- **PROBLEM TO SOLVE**
There are pictures in the records below; leave them out and set down exactly the lines from the one holding "Measure, explore volume" through the one holding "根据公开的数据,2019年复".

:: THE RECORDS

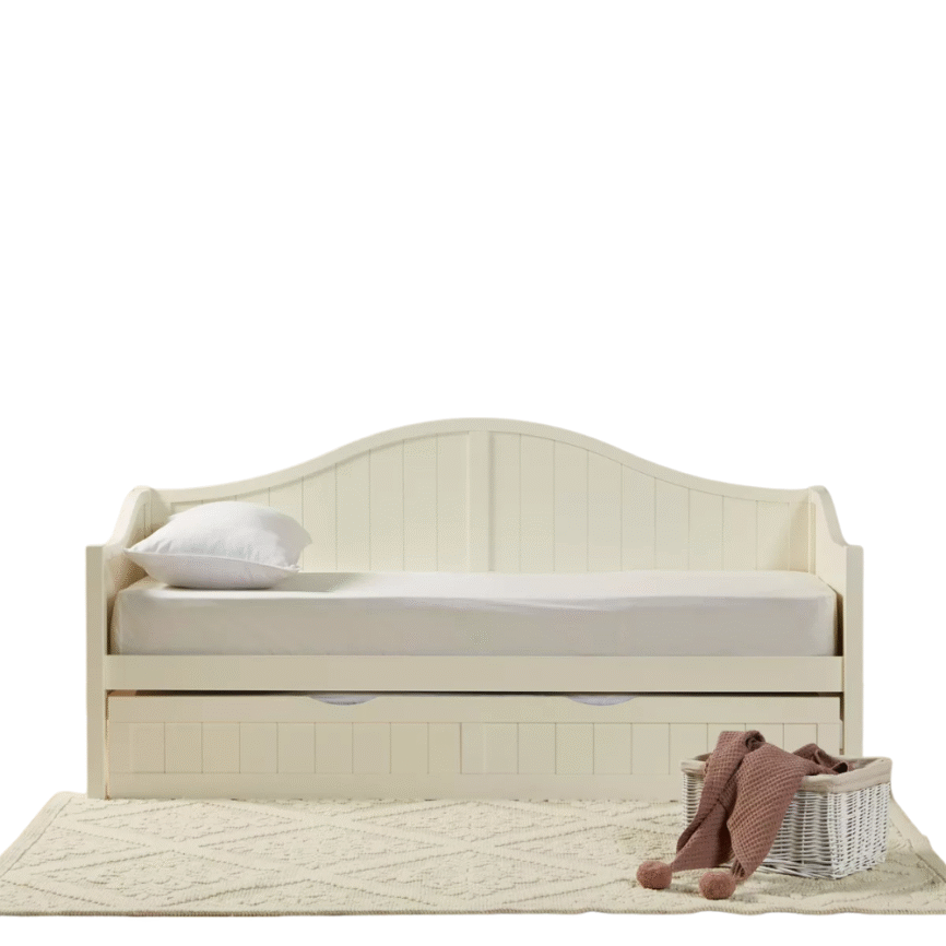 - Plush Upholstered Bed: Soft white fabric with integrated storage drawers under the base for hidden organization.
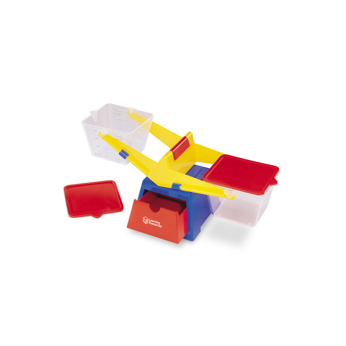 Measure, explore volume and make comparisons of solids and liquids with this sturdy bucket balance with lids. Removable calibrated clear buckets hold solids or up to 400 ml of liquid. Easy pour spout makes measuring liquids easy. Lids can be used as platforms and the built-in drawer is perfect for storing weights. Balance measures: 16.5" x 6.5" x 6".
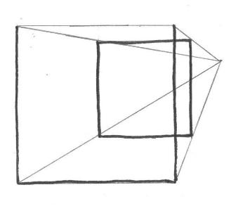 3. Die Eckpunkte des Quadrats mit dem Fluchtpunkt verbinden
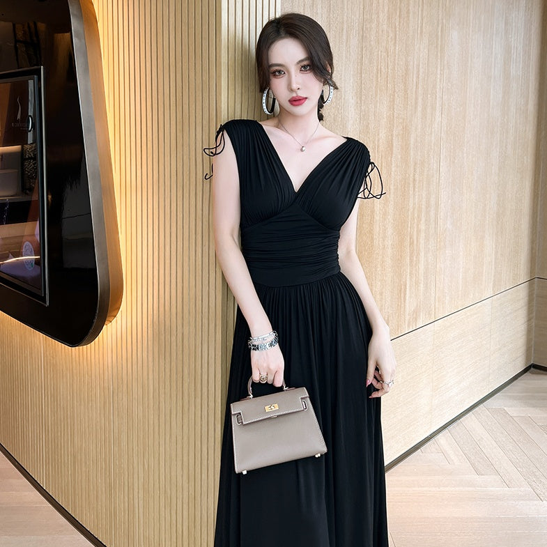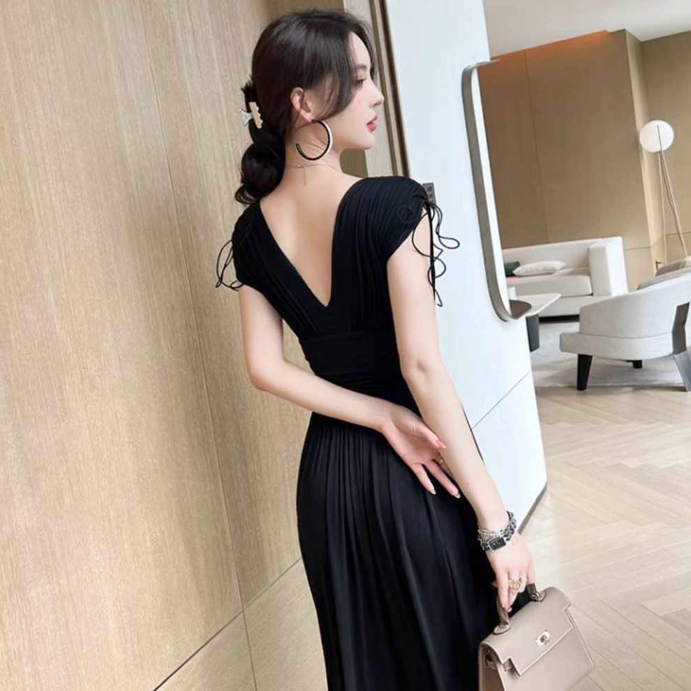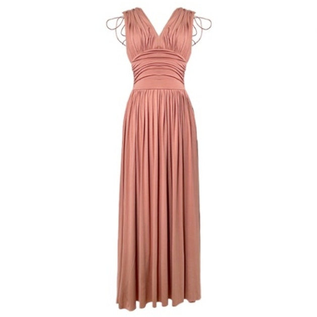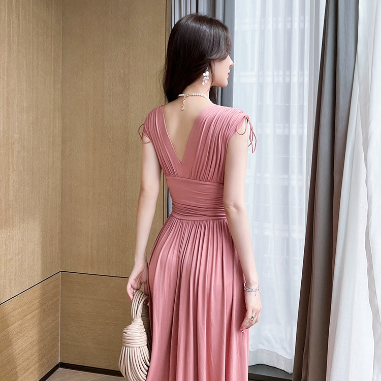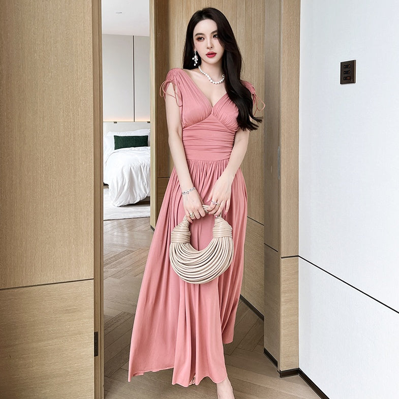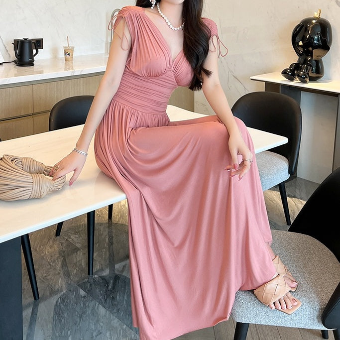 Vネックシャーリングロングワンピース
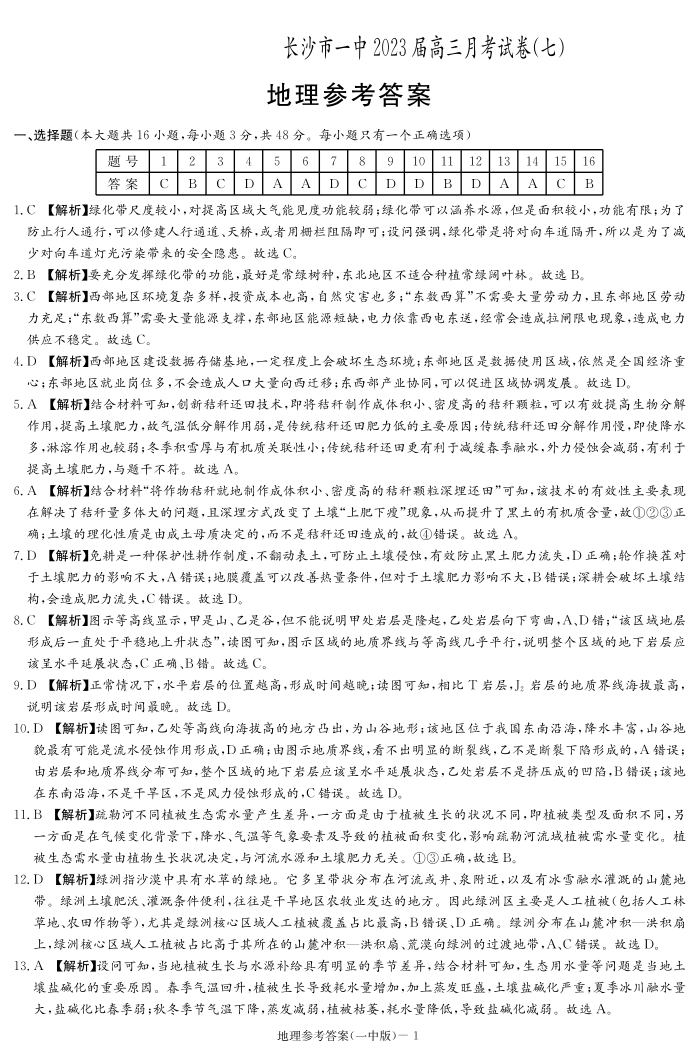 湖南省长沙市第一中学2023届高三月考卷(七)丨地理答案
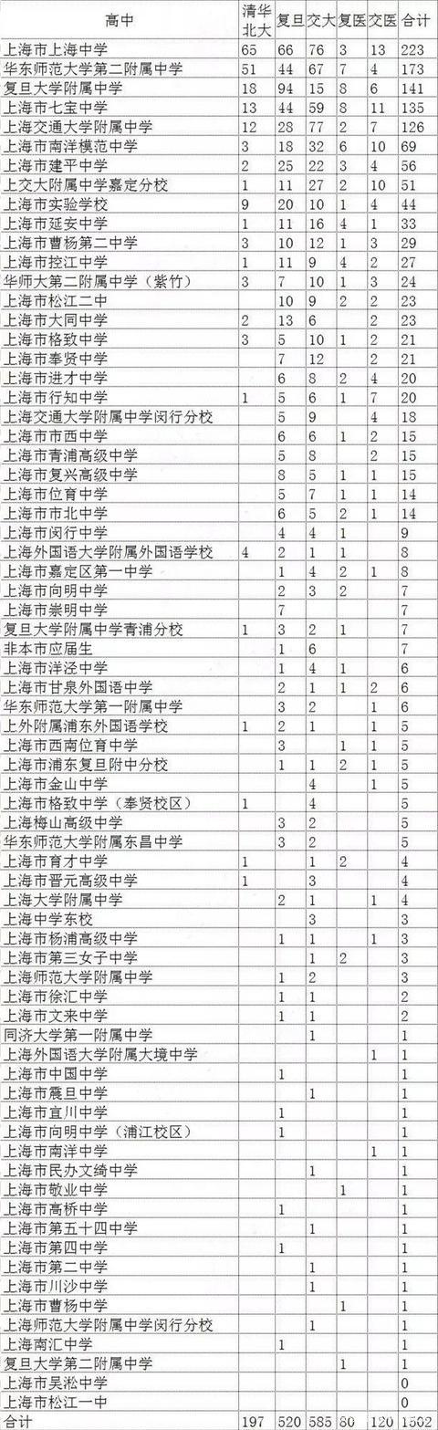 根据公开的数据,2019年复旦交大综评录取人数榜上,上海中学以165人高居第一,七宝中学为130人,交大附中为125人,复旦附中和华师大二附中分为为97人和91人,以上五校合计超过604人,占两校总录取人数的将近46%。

::::
:: THE RECORDS

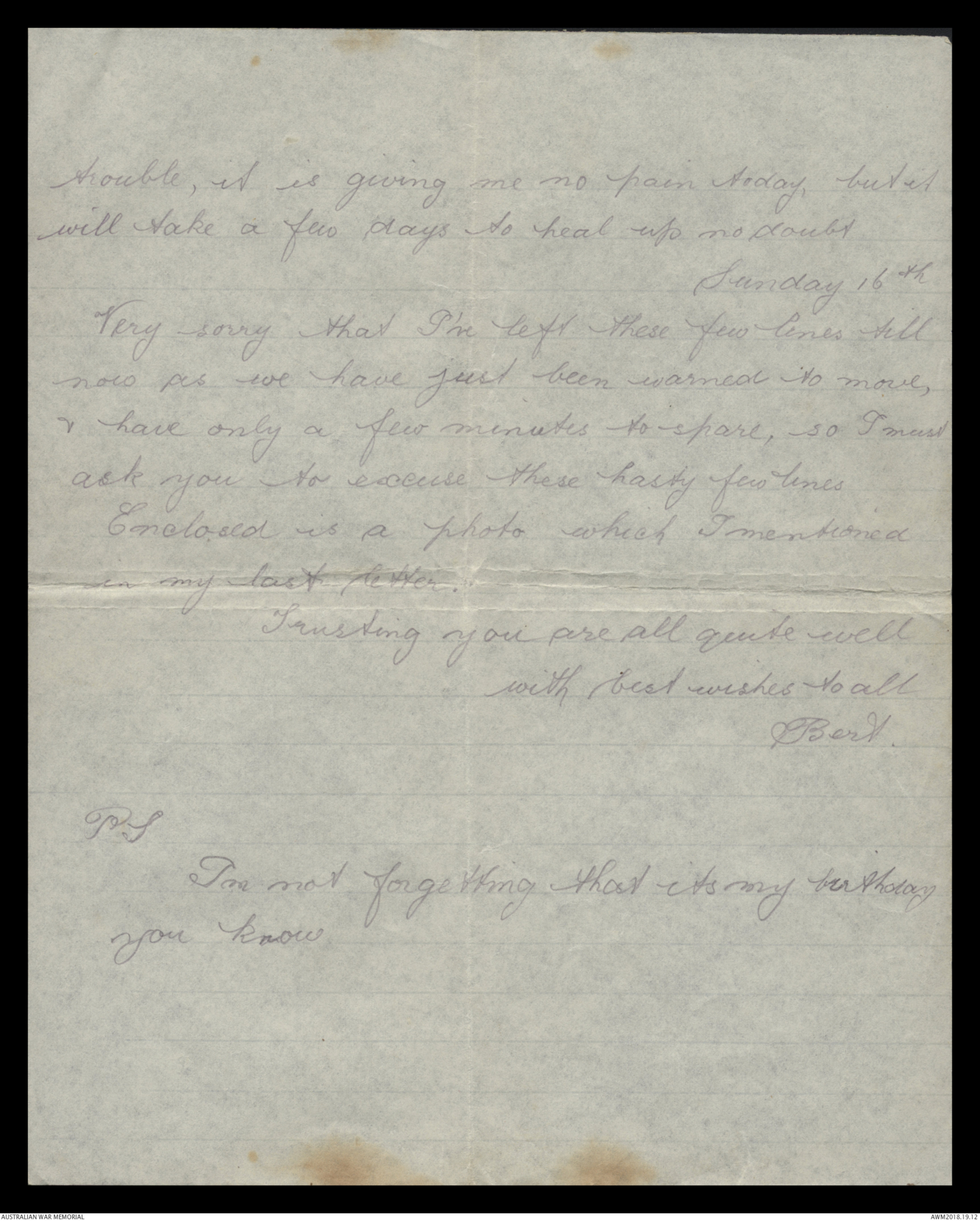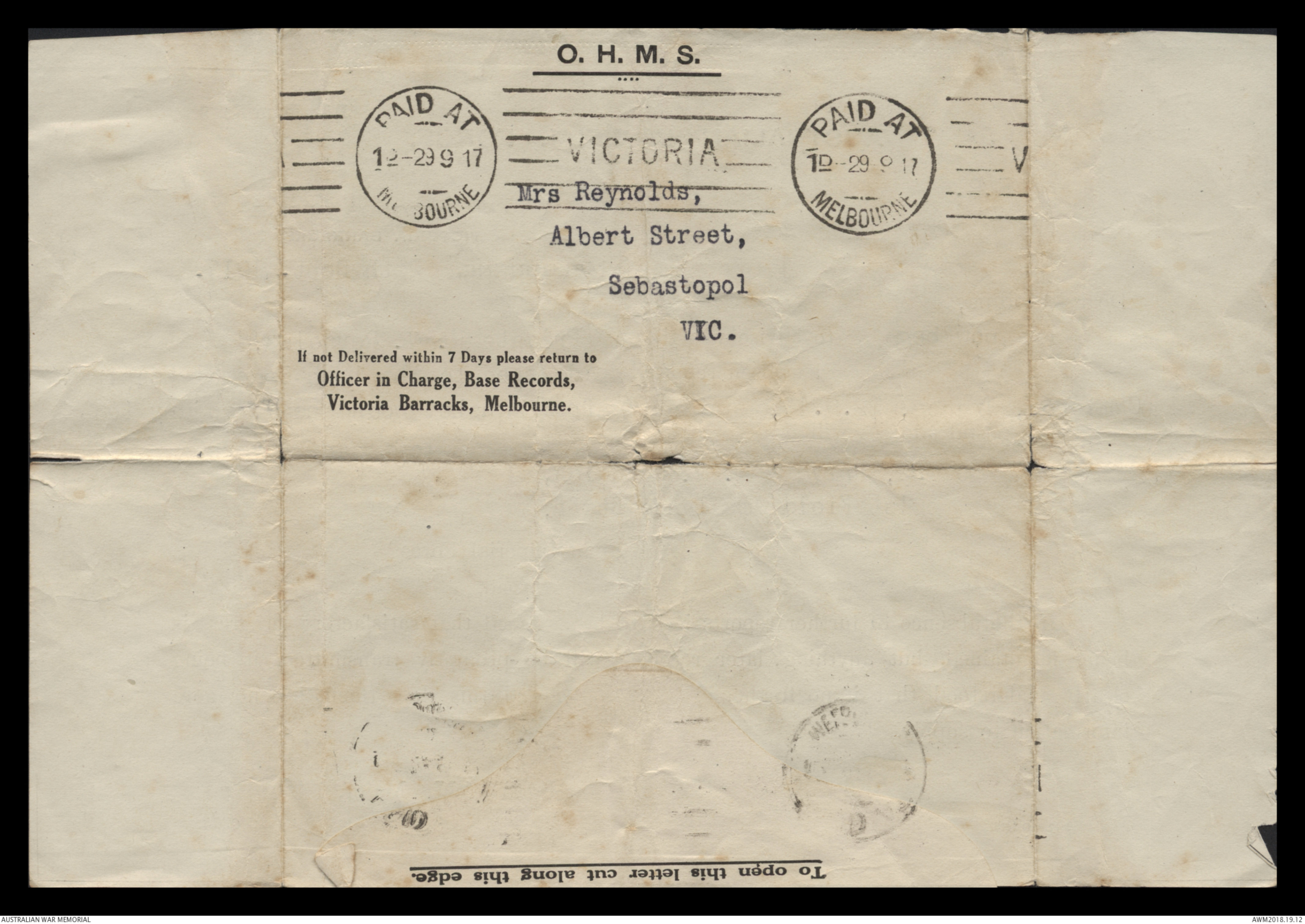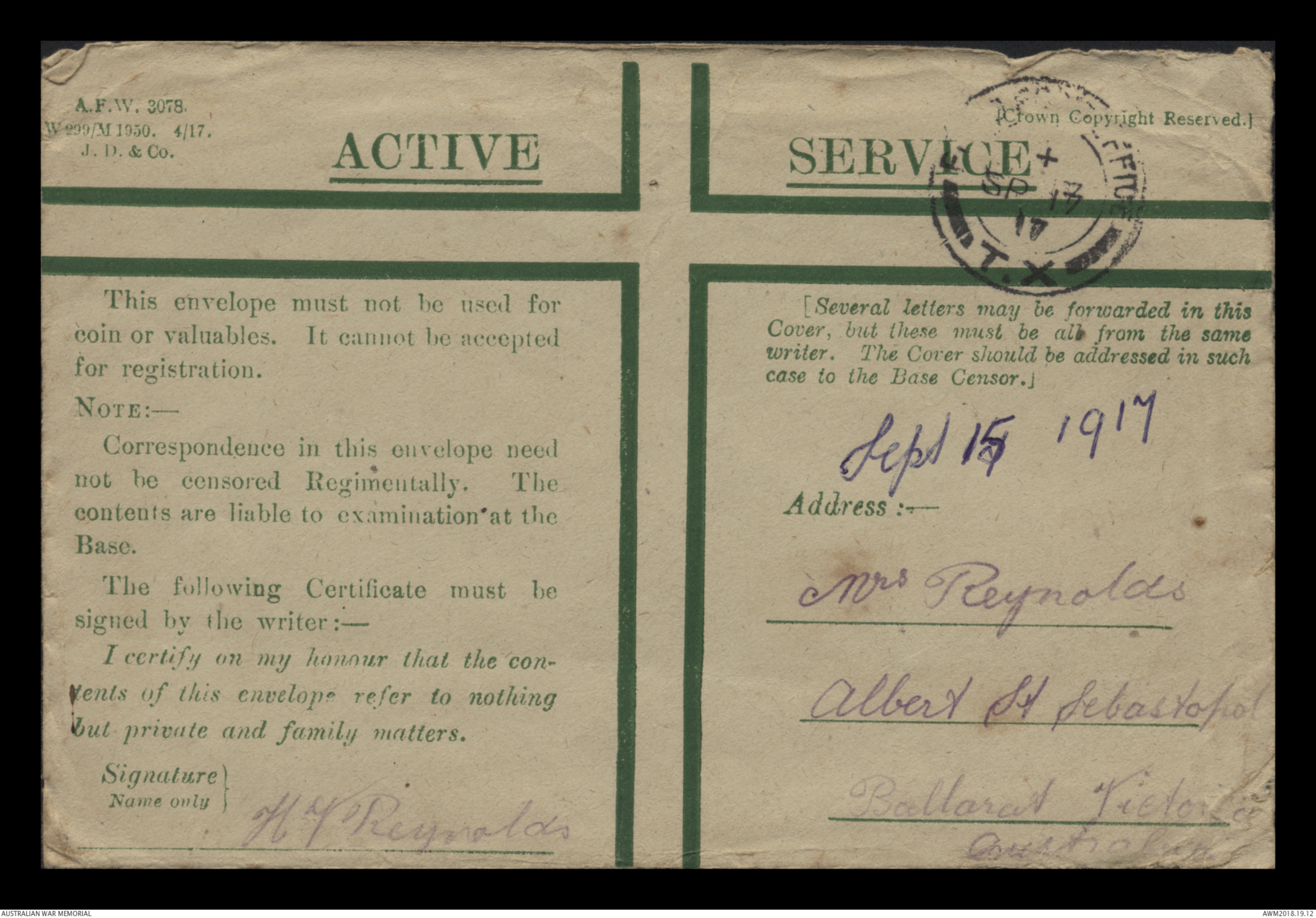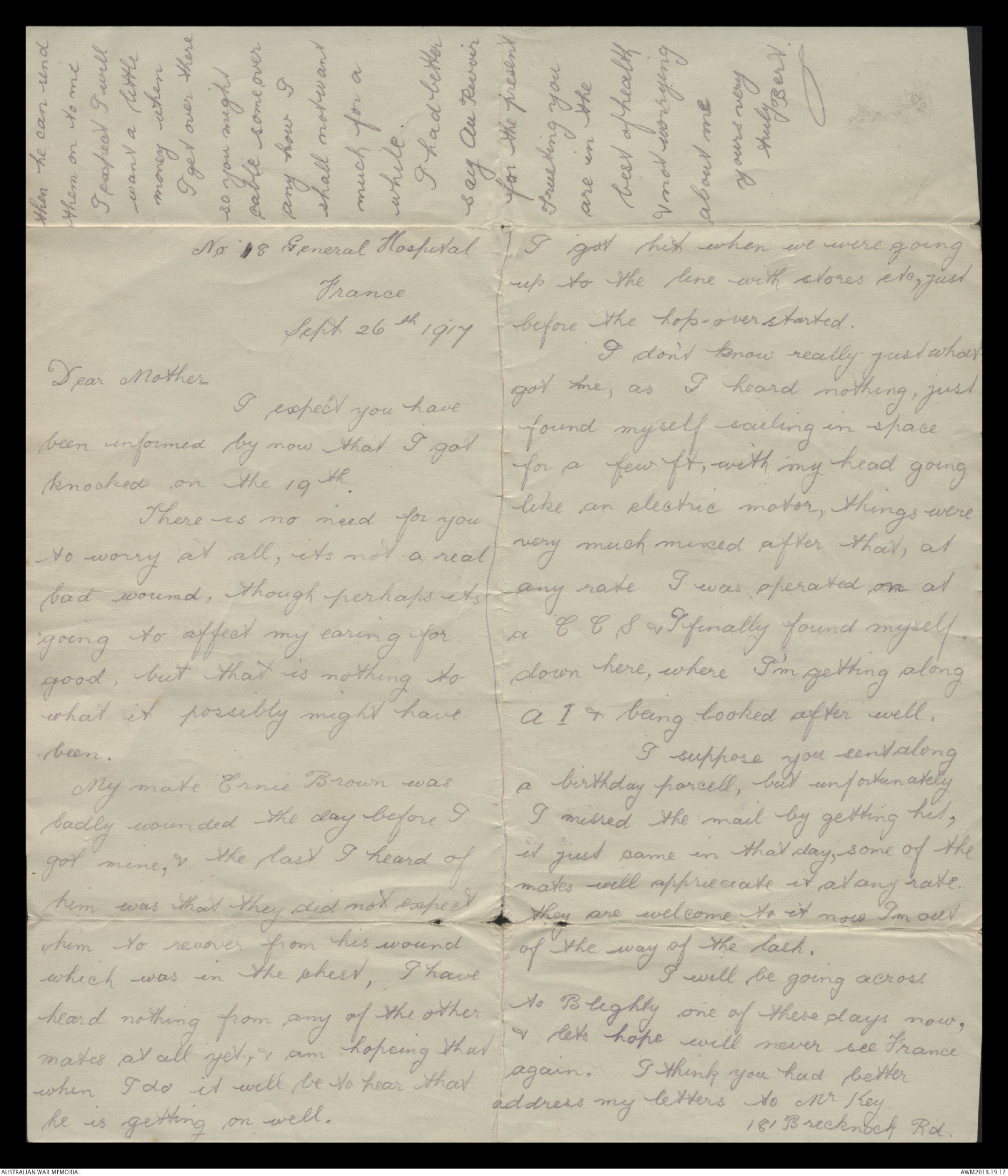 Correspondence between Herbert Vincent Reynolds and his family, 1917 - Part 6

::::
:: THE RECORDS

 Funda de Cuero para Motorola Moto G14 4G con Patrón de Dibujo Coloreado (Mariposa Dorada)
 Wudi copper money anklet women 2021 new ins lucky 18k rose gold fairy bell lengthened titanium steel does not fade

::::

- **OUTPUT**
 Measure, explore volume and make comparisons of solids and liquids with this sturdy bucket balance with lids. Removable calibrated clear buckets hold solids or up to 400 ml of liquid. Easy pour spout makes measuring liquids easy. Lids can be used as platforms and the built-in drawer is perfect for storing weights. Balance measures: 16.5" x 6.5" x 6".
 3. Die Eckpunkte des Quadrats mit dem Fluchtpunkt verbinden
 Vネックシャーリングロングワンピース
 湖南省长沙市第一中学2023届高三月考卷(七)丨地理答案
 根据公开的数据,2019年复旦交大综评录取人数榜上,上海中学以165人高居第一,七宝中学为130人,交大附中为125人,复旦附中和华师大二附中分为为97人和91人,以上五校合计超过604人,占两校总录取人数的将近46%。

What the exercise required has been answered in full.